= Team Tiger =

American health organization

Team Tiger is an Atlanta-based certified 501(c)3 organization whose mission is to help kids and families fight childhood obesity. The organization provides the resources, opportunity, education and support.

Team Tiger is led by young founder Tiger Greene, who, as a twelve-year-old boy, weighed 250 pounds (twice the normal weight for a child his age). Tiger was bullied for his weight and had trouble with simple everyday tasks. By making lifestyle changes and learning about healthy food and exercise, Tiger lost over 60 pounds. Tiger has become a national spokesperson for this curable epidemic. He has been featured on national television programs, including: Dr. Oz, CNN's Dr. Sanjay Gupta, Anderson Cooper 360, NBC and ABC affiliates and was a featured speaker at the Georgia Children's Health Alliance 'Refocus' Launch.

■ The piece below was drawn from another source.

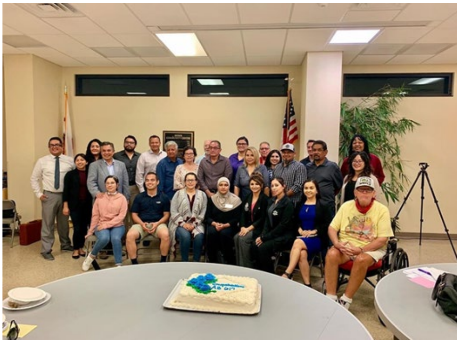
Caption: Approval of the CERP by the CSC, October 2, 2019 (Heber, CA)

The CSC adopted the CERP for the El Centro-Heber-Calexico Corridor on October 2, 2019, and subsequently the Air District Board (Imperial County Board of Supervisors) approved the Plan on October 8, 2019. On November 13, 2019, CARB Staff held a public workshop at Imperial Valley College (Imperial, CA) to present and discuss the objectives and strategies of the CERP. The public took this opportunity to share their opinions on the CERP, and the overall AB 617 Program/CAPP, which CARB recorded as the agency reviewed the CERP prior to CARB Board's consideration of the Plan. On January 15, 2020, at a special public meeting held in El Centro, CA, the CARB Governing Board considered and voted to adopt the CERP for the Corridor.

Following his love of football, Tiger partnered with the NFL, including player Marcus Stroud. Together they started a series of fitness camps to inspire thousands of young people to lose weight and get more active. These Sacking Obesity Health & Wellness Camps are run by Team Tiger and the Marcus Stroud Charitable Foundation.

Tiger Greene's Sacking Obesity: The Team Tiger Game Plan for Kids Who Want to Lose Weight, Feel Great, and Win on and off the Playing Field is a book published by HarperCollins Publishers that puts the camp experience into a book. It includes menu plans, exercise routines, and inspirational stories about kids who have decided to make good choices in their lives.

On Wednesday, September 19, 2012, Governor Nathan Deal of Georgia declared "Team Tiger Day" in the State of Georgia.